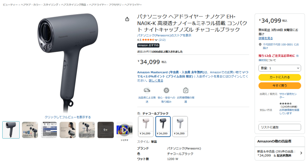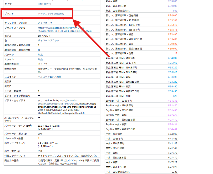 ここには、先程のドライヤーと同じ「パナソニック(Panasonic)」というブランドで登録されている商品が表示されています。
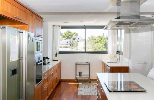 Our hugh modern villa was built in 2012, 500 m2 in a openplan living área, 5 bedrooms (one like a studio with separate entrance) 5 bathrooms, terraces, poolarea with wooden floor terrace and mediterranean garden,Have a nice relaxing holiday near the port, restaurants and beaches. Enjoy the privacy in the poolarea and terraces, sun and shade for everybody.
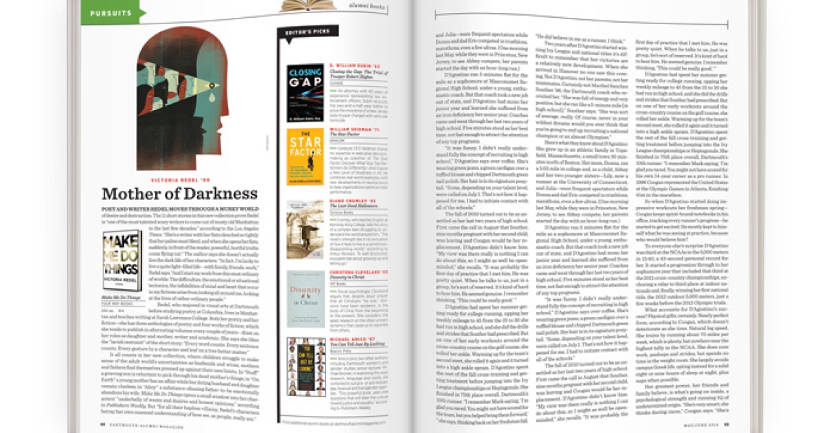 Redel, who majored in visual arts at Dartmouth before studying poetry at Columbia, lives in Manhattan and teaches writing at Sarah Lawrence College. Both her poetry and her fiction—she has three anthologies of poetry and four works of fiction, which she tends to publish in alternating volumes every couple of years—draw on her roles as daughter and mother, writer and academic. She says she likes the “lavish restraint” of the short story: “Every word counts. Every sentence counts. Every gesture by a character and leaf on a tree better matter.”
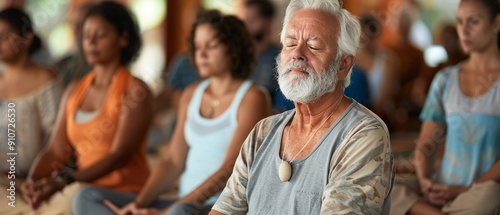 © Sukifli Dakheng, Fototapeta premium A senior leading a wellness retreat, focusing on mindfulness, yoga, and meditation for all ages
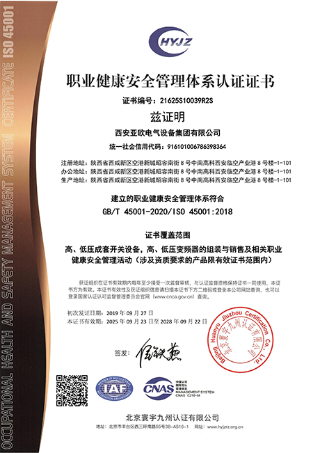 安全体系证书-西安亚欧电气设备集团有限公司 | 西安高压成套开关柜 | 西安低压成套开关柜 | 西安箱式变电站 | 陕科配件 | 汇创达变频器 | 陕西变频器一体机 | 陕西变频器维修
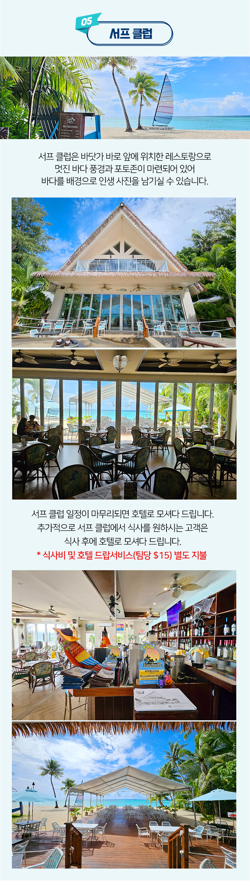 - 서프클럽 식사비용 및 호텔 드랍비 $15 현장지불
-*-
*Work to be completed*. Return the data above unchanged. Pictures are not part of the copy.

*Result of this task*.
 ここには、先程のドライヤーと同じ「パナソニック(Panasonic)」というブランドで登録されている商品が表示されています。
 Our hugh modern villa was built in 2012, 500 m2 in a openplan living área, 5 bedrooms (one like a studio with separate entrance) 5 bathrooms, terraces, poolarea with wooden floor terrace and mediterranean garden,Have a nice relaxing holiday near the port, restaurants and beaches. Enjoy the privacy in the poolarea and terraces, sun and shade for everybody.
 Redel, who majored in visual arts at Dartmouth before studying poetry at Columbia, lives in Manhattan and teaches writing at Sarah Lawrence College. Both her poetry and her fiction—she has three anthologies of poetry and four works of fiction, which she tends to publish in alternating volumes every couple of years—draw on her roles as daughter and mother, writer and academic. She says she likes the “lavish restraint” of the short story: “Every word counts. Every sentence counts. Every gesture by a character and leaf on a tree better matter.”
 © Sukifli Dakheng, Fototapeta premium A senior leading a wellness retreat, focusing on mindfulness, yoga, and meditation for all ages
 安全体系证书-西安亚欧电气设备集团有限公司 | 西安高压成套开关柜 | 西安低压成套开关柜 | 西安箱式变电站 | 陕科配件 | 汇创达变频器 | 陕西变频器一体机 | 陕西变频器维修
 - 서프클럽 식사비용 및 호텔 드랍비 $15 현장지불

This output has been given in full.